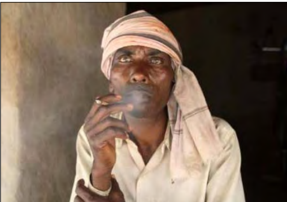
Cheaply made cigarettes known as bidis are inexpensive and popular in India.

"I am alarmed by the results of this study," said India's Health Minister Dr. Abumani Ramadoss. "The government of India is trying to take all steps to control tobacco use—in particular by informing the many poor and illiterate of smoking risks."
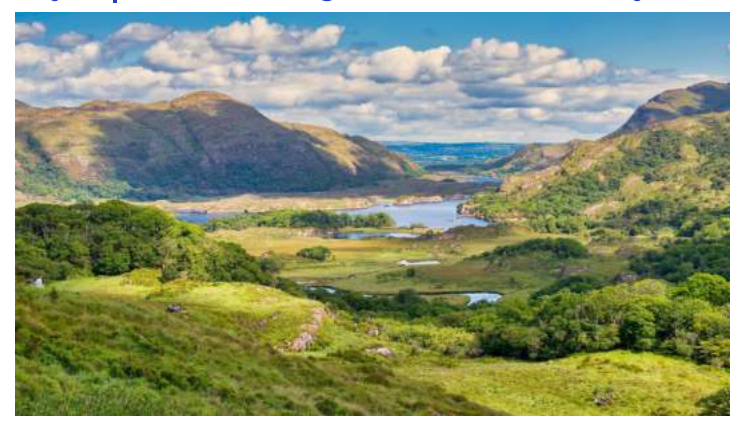
Day 13 | Shannon - Dingle Peninsula - Co. Kerry

See the Ireland you've only encountered in pictures and on the big screen until now. Your drive around the stunning Dingle Peninsula reveals a land of stone monuments, wild beaches and verdant pastures. See tiny Gaelic settlements, colourful fishing villages and landscapes that 'catch the heart off guard', in the words of Irish poet, Seamus Heaney. Later arrive in Tralee in County Kerry, where the Rose of Tralee International Festival attracts 'lovely and fair' Irishwomen from around the world to compete for the crown of 'Rose'. A fitting way to end the day would be to join an Optional Experience with the Gaelic Roots show of Irish dancers. Embrace the spirit of old Ireland life and times and enjoy a hearty Irish meal.
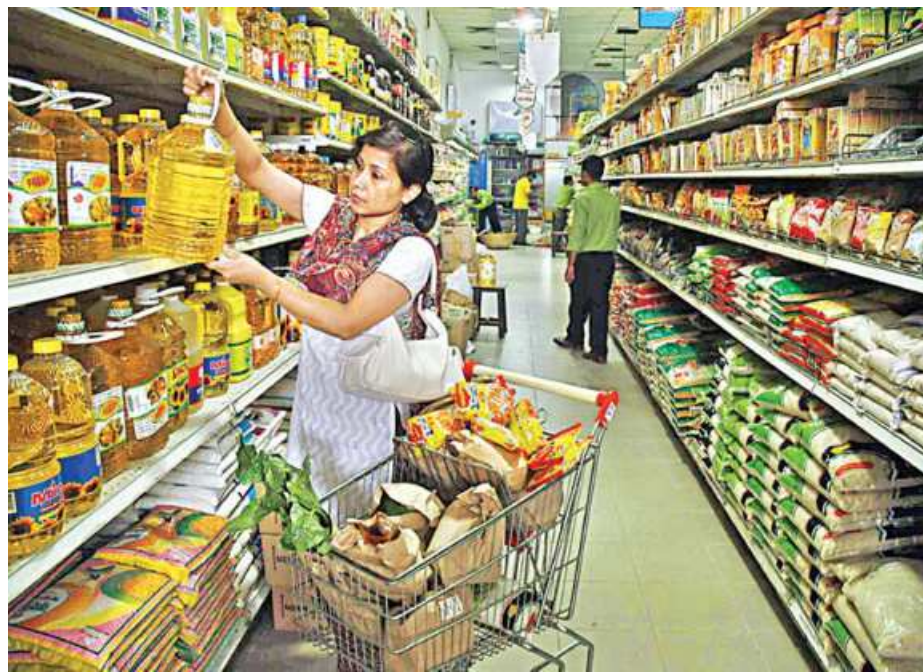
Price hike of essential commodities ahead of Ramadan is a common phenomenon in Bangladesh.

Costs have been fluctuating for the last few months due to a drop in production in
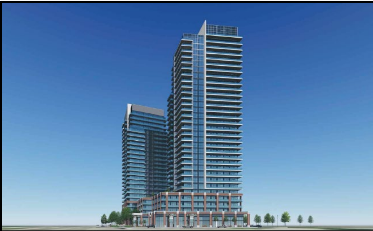
View looking east from the intersection of Kingston Road and Rougemount Drive
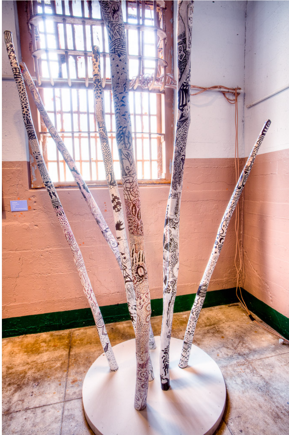
Artwork created by Arts in Corrections classes at San Quentin State Prison
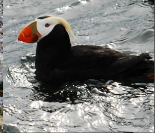
Marine wildlife watch
# # # # #
• **Exercise goal**
Set the listing down again exactly, skipping each picture.

• **Result**
Cheaply made cigarettes known as bidis are inexpensive and popular in India.

"I am alarmed by the results of this study," said India's Health Minister Dr. Abumani Ramadoss. "The government of India is trying to take all steps to control tobacco use—in particular by informing the many poor and illiterate of smoking risks."
Day 13 | Shannon - Dingle Peninsula - Co. Kerry

See the Ireland you've only encountered in pictures and on the big screen until now. Your drive around the stunning Dingle Peninsula reveals a land of stone monuments, wild beaches and verdant pastures. See tiny Gaelic settlements, colourful fishing villages and landscapes that 'catch the heart off guard', in the words of Irish poet, Seamus Heaney. Later arrive in Tralee in County Kerry, where the Rose of Tralee International Festival attracts 'lovely and fair' Irishwomen from around the world to compete for the crown of 'Rose'. A fitting way to end the day would be to join an Optional Experience with the Gaelic Roots show of Irish dancers. Embrace the spirit of old Ireland life and times and enjoy a hearty Irish meal.
Price hike of essential commodities ahead of Ramadan is a common phenomenon in Bangladesh.

Costs have been fluctuating for the last few months due to a drop in production in
View looking east from the intersection of Kingston Road and Rougemount Drive
Artwork created by Arts in Corrections classes at San Quentin State Prison
Marine wildlife watch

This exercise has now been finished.